--- RECORDS SHOWN ---
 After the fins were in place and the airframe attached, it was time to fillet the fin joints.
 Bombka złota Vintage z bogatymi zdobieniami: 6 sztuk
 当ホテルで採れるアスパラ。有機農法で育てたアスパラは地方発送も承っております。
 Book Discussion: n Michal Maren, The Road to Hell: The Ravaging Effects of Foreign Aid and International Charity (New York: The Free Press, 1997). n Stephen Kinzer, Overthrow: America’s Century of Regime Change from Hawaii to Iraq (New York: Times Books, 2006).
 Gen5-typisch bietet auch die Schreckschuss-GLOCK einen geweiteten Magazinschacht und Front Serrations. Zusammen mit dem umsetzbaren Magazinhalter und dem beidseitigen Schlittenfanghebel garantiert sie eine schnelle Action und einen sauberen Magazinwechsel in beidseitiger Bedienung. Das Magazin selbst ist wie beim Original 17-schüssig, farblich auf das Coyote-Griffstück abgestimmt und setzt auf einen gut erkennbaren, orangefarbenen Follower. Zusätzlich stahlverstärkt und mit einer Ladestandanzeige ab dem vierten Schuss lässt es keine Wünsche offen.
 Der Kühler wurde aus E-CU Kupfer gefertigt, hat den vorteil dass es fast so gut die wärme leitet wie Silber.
---
--- RECORDS SHOWN ---
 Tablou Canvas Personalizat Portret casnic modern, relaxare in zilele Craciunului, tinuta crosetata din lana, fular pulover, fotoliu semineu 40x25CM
---
→ **HOW TO COMPLETE THIS TASK**
The expected output is exactly the lines of the listing above between the line holding "Book Discussion: n" and the line holding "Der Kühler wurde", inclusive.

→ **EXERCISE SOLUTION**
 Book Discussion: n Michal Maren, The Road to Hell: The Ravaging Effects of Foreign Aid and International Charity (New York: The Free Press, 1997). n Stephen Kinzer, Overthrow: America’s Century of Regime Change from Hawaii to Iraq (New York: Times Books, 2006).
 Gen5-typisch bietet auch die Schreckschuss-GLOCK einen geweiteten Magazinschacht und Front Serrations. Zusammen mit dem umsetzbaren Magazinhalter und dem beidseitigen Schlittenfanghebel garantiert sie eine schnelle Action und einen sauberen Magazinwechsel in beidseitiger Bedienung. Das Magazin selbst ist wie beim Original 17-schüssig, farblich auf das Coyote-Griffstück abgestimmt und setzt auf einen gut erkennbaren, orangefarbenen Follower. Zusätzlich stahlverstärkt und mit einer Ladestandanzeige ab dem vierten Schuss lässt es keine Wünsche offen.
 Der Kühler wurde aus E-CU Kupfer gefertigt, hat den vorteil dass es fast so gut die wärme leitet wie Silber.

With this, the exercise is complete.